I think this is a very interesting idea! It synergizes well with rapid expansion, and it mitigates the downside of expansion, but without giving too much of a long-term boost (since it doesn't actually increase the total happiness you can acquire). It requires timing to use well.
And it encourages you to play differently, the ultimate mark of a good policy.

I think I'm missing something. Why would you play differently?
 
You would hold off on building Colosseums until you were ready to use the policy, in order to maximize the amount of free stuff.
Yeah, which I think is the idea's strongest downside: The AI wouldn't understand to anticipate it and withhold colosseums.
 
You would hold off on building Colosseums until you were ready to use the policy, in order to maximize the amount of free stuff.

Because you only get them in existing cities? If I were playing Liberty full-tilt, I would imagine I'd have four cities built every time before reaching the Finisher. Whether I decide it's worth my while to hold off on building colosseums would probably depend on my luxury situation. That's probably where the trade-off would come - less income now for free colosseums later.
 
You would hold off on building Colosseums until you were ready to use the policy, in order to maximize the amount of free stuff.

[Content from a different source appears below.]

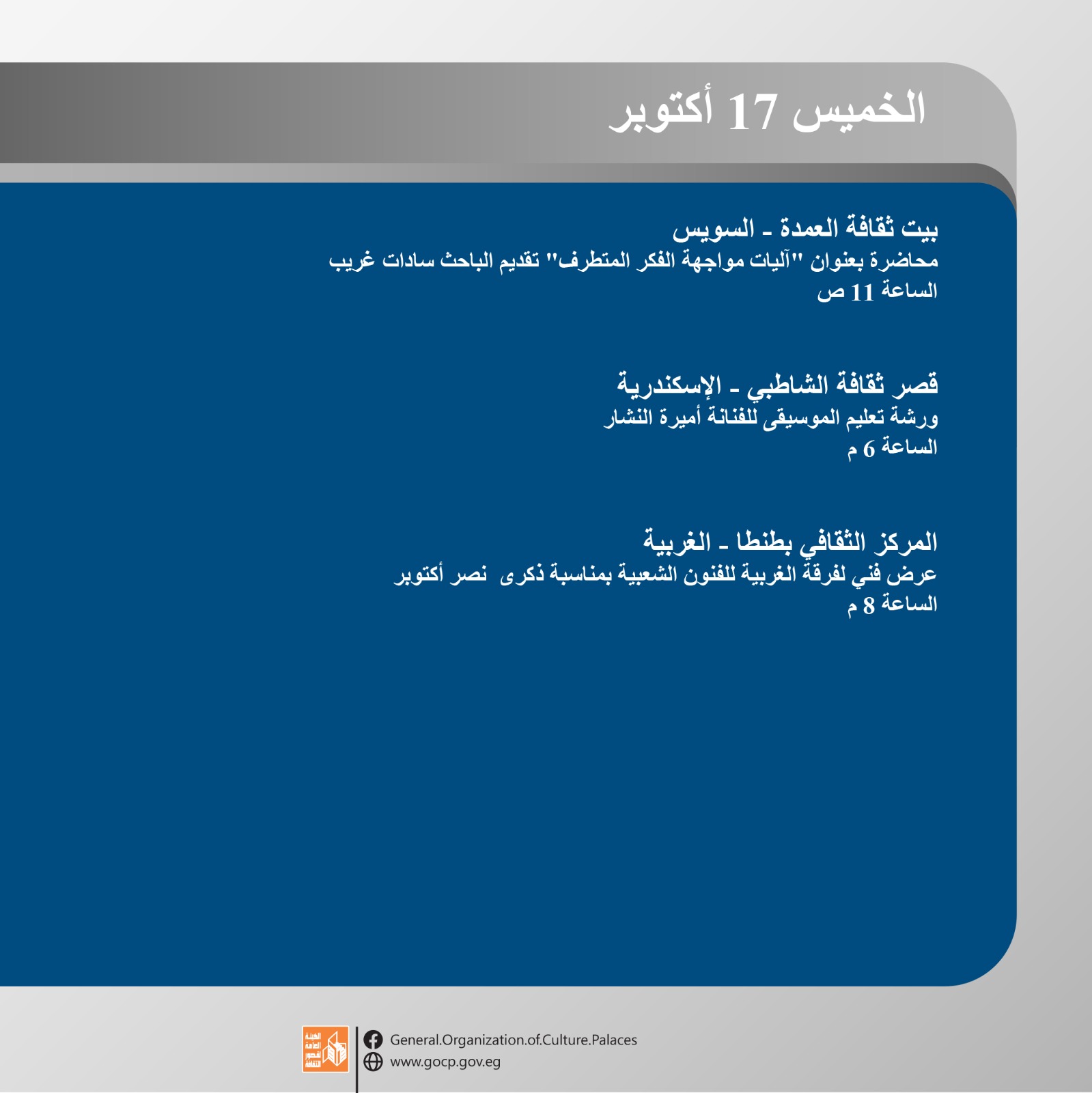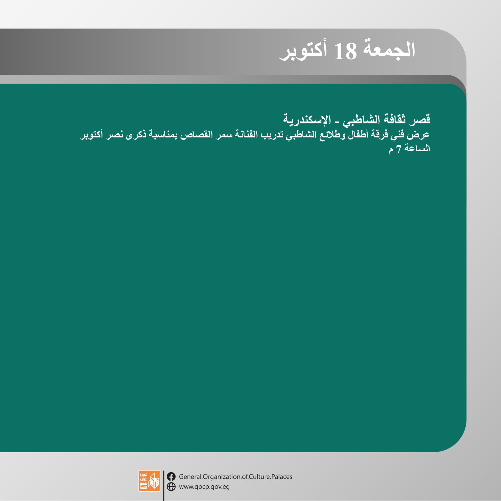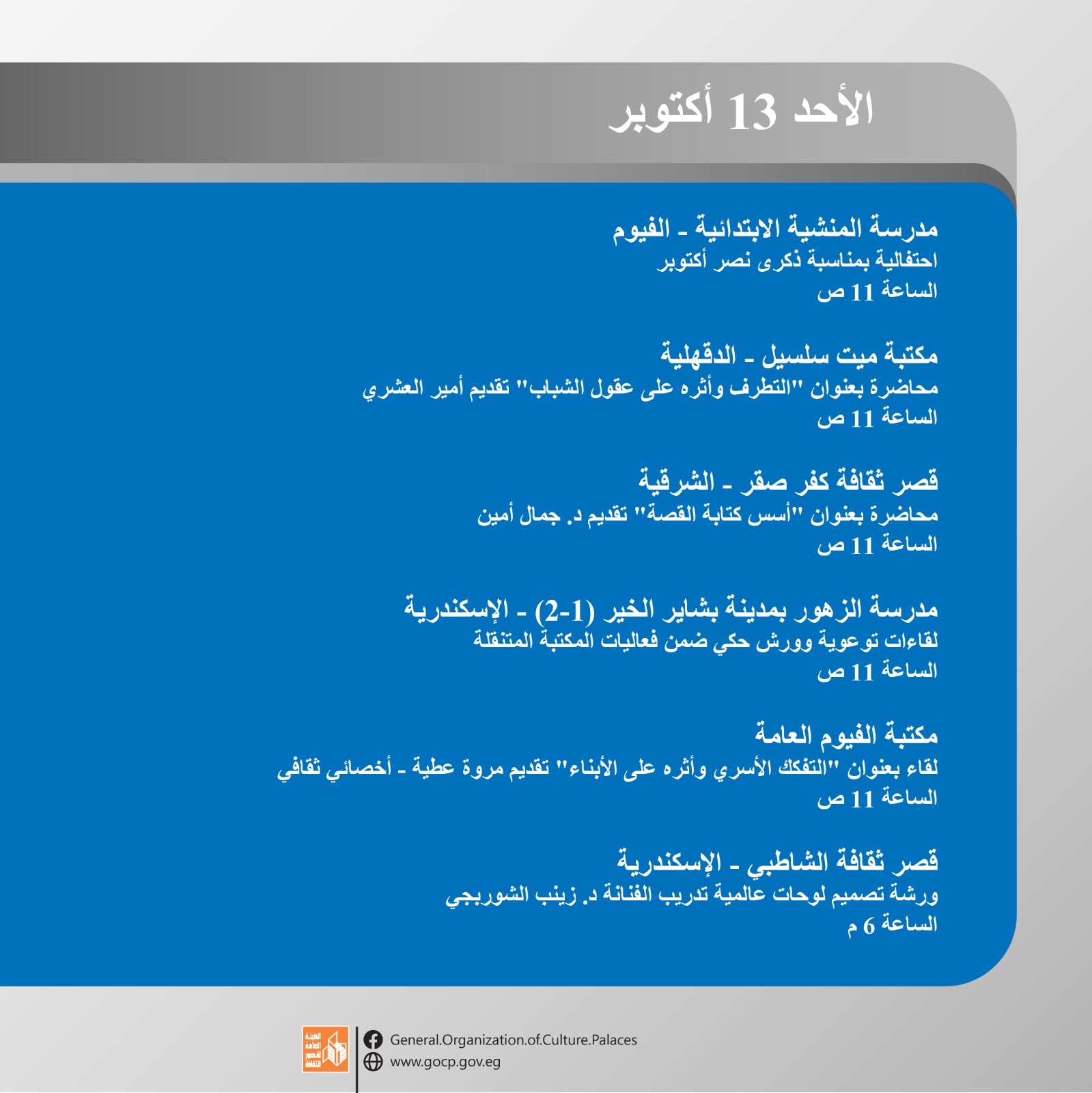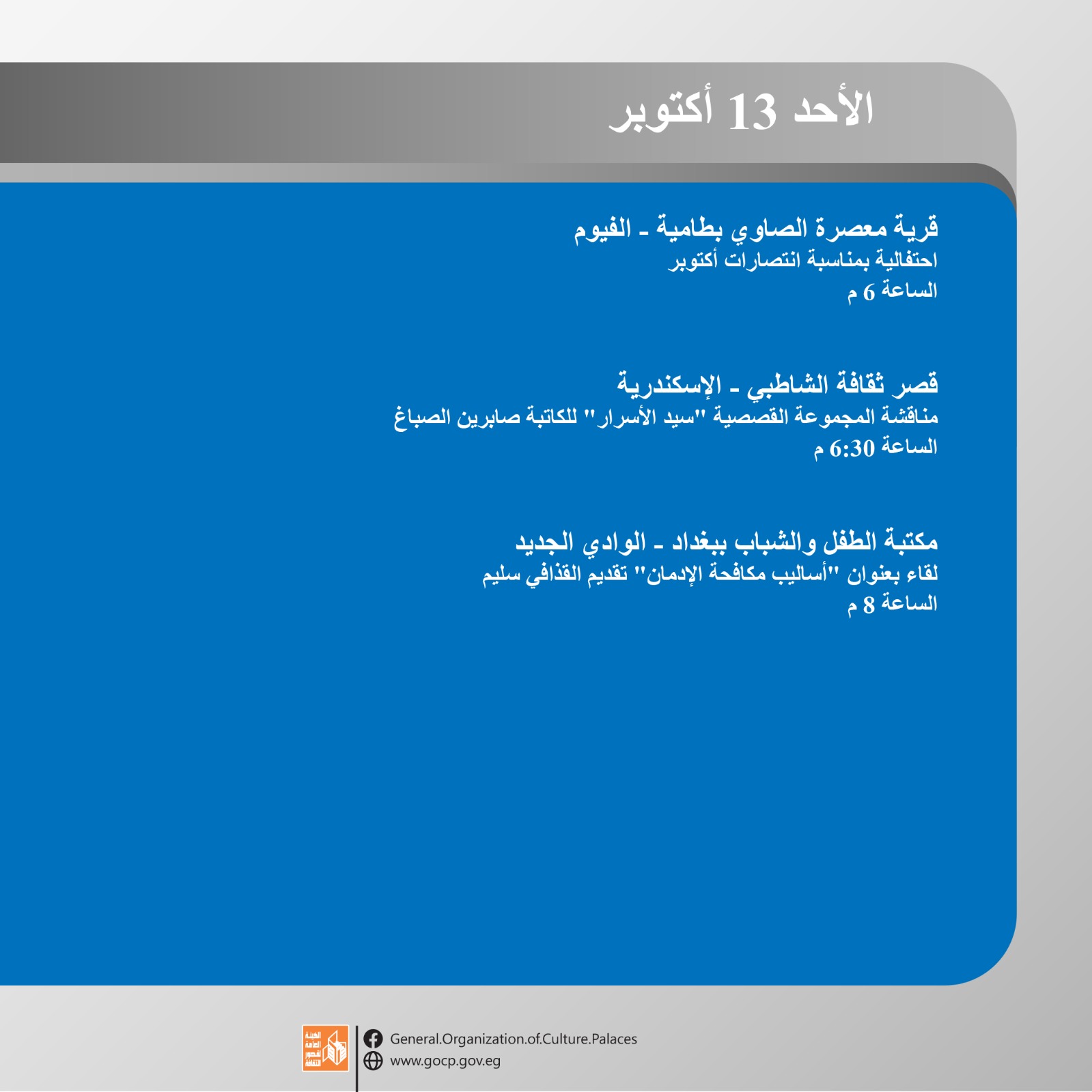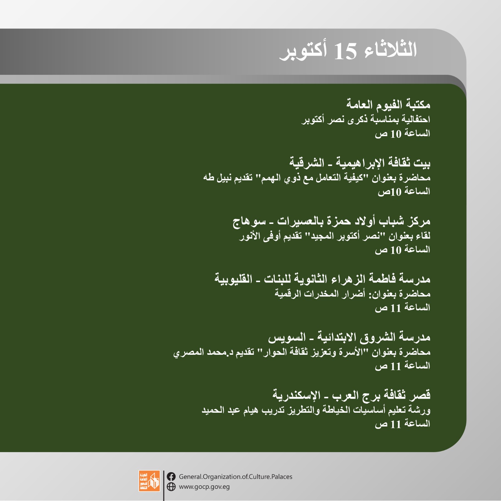 وتواصل هيئة قصور الثقافة الاحتفال بذكرى نصر أكتوبر المجيد هذا الأسبوع من خلال فعاليات مكثفة تقدم للجمهور بالمجان في محافظات الفيوم، الإسكندرية، الوادي الجديد، الغربية، سوهاج، البحيرة، والإسماعيلية وغيرها، وتشمل عددا من العروض الفنية لفرق الموسيقى العربية والفنون الشعبية، بجانب اللقاءات التثقيفية والورش الفنية، وذلك ضمن البرنامج الحافل الذي أعدته ويتضمن أكثر من 456 نشاطا ثقافيا وفنيا احتفالا بذكرى النصر المجيد.

I imagine if it were implemented, it would be done in the fashion Thal changed the cultural building SP to work: free buildings now, or later if the relevant tech isn't researched yet. So it would be a totally passive method. (I happen to dislike this change - it removes the decision-making and strategy from the equation - but not to such a degree that I will suggest reverting it.)
 
Because you only get them in existing cities?
Yes, and because you wouldn't get anything if you'd already built the Colosseum.

Whether I decide it's worth my while to hold off on building colosseums would probably depend on my luxury situation. That's probably where the trade-off would come - less income now for free colosseums later.
Right. Strategic tensions are good.

free buildings now, or later if the relevant tech isn't researched yet.
This would probably be ok, but I would think it would be fairly likely you'd have Construction by the time you had 6 policy picks in a game where you were expanding rapidly (so policy costs were rising).
Of course, it could also encourage you to delay getting Construction.

I would keep it different from the culture one though; if you already have a colosseum, you don't get a free theatre. That is the price you pay for getting it in every city, not in just 4 cities.
 
Maybe. How about +0.5 happy from each of those buildings then?
Surely we can agree that the +20% build speed policy is near-useless? Think of how few bonus hammers it will give you over the course of the entire game, and then average that out to a per-turn bonus.

0.5 happy seems much better. We definitely agree that the 20% production was pretty worthless.